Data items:
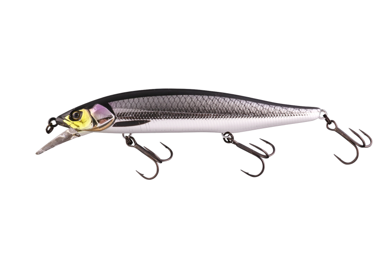 大型河川でバスフィッシングをすることが多い加木屋プロのリクエストは、バスが良く捕食しているイナ(ボラの子供)をイミテートしたシルバー系のカラーでした。いわゆる古典的な銀黒系カラーですが、RVミノー110SPのアクションを活かすべく、側面のシルバーの部分は上下でペイントベースとホロフィルムベースを分けることで明滅効果に変化をつける工夫が施されています。
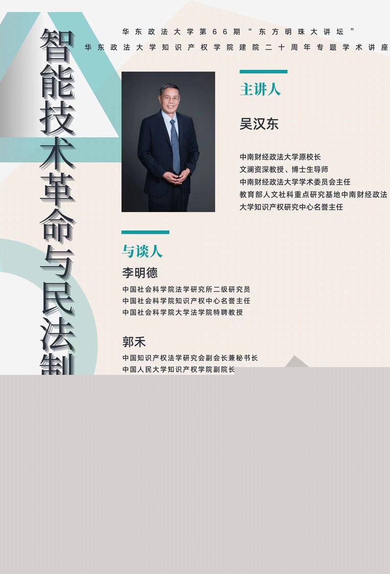 有鑒于此,華東政法大學第66期“東方明珠大講壇”有幸邀請到中南財經政法大學原校長、文瀾資深教授、博士生導師、中南財經政法大學學術委員會主任、教育部人文社科重點研究基地中南財經政法大學知識產權研究中心名譽主任吳漢東教授主講“智能技術革命與民法制度創新”。
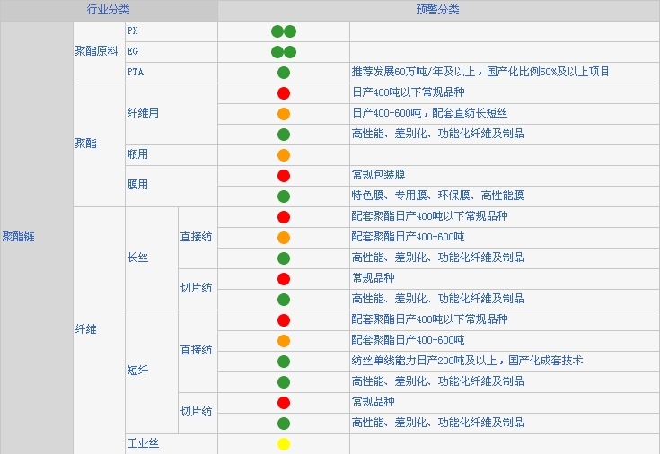 本預警系統監測的品種涵蓋化纖行業主要產品,分為紅、橙、黃、綠、雙綠五種類別,分別代表風險極大,風險較大、有一定風險、鼓勵發展、重點扶持??梢越Y合預警類別及內容,根據企業生產經營實際情況進行判斷。
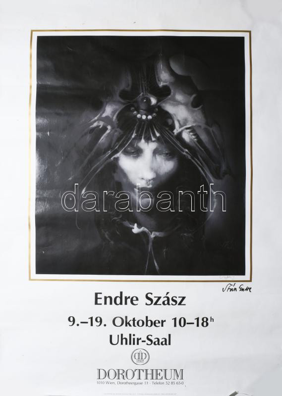 Szász Endre (1926-2003): Női arc. Dorotheum kiállítási plakát, ofszet, papír, Szász Endre 2 db autográf aláírásával, lapszéli kisebb szakadással, hajtásnyomokkal, feltekerve, 84x59 cm
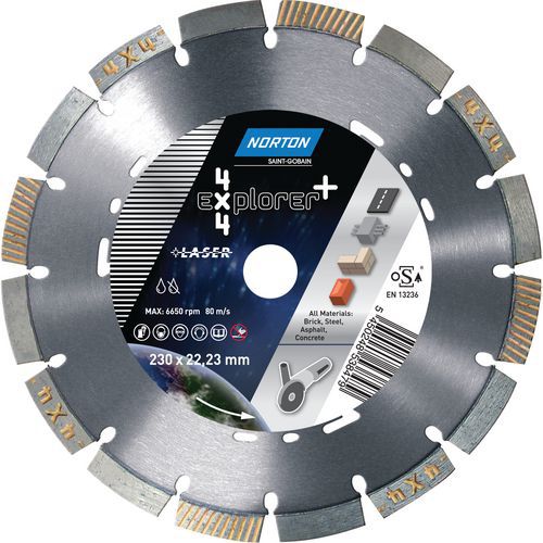 | Productnaam | Diamantschijf 4 x 4 Explorer, Asgat Ø: 25.4 mm, Ø: 300 mm, Voor materiaal: Gewapend beton, betonproducten |

Problem details >>
When you reach the line containing "本預警系統監測的品種涵蓋化纖" in the records above, write out that line and every line after it through the end, exactly, but omit the pictures.

Result >>
 本預警系統監測的品種涵蓋化纖行業主要產品,分為紅、橙、黃、綠、雙綠五種類別,分別代表風險極大,風險較大、有一定風險、鼓勵發展、重點扶持??梢越Y合預警類別及內容,根據企業生產經營實際情況進行判斷。
 Szász Endre (1926-2003): Női arc. Dorotheum kiállítási plakát, ofszet, papír, Szász Endre 2 db autográf aláírásával, lapszéli kisebb szakadással, hajtásnyomokkal, feltekerve, 84x59 cm
 | Productnaam | Diamantschijf 4 x 4 Explorer, Asgat Ø: 25.4 mm, Ø: 300 mm, Voor materiaal: Gewapend beton, betonproducten |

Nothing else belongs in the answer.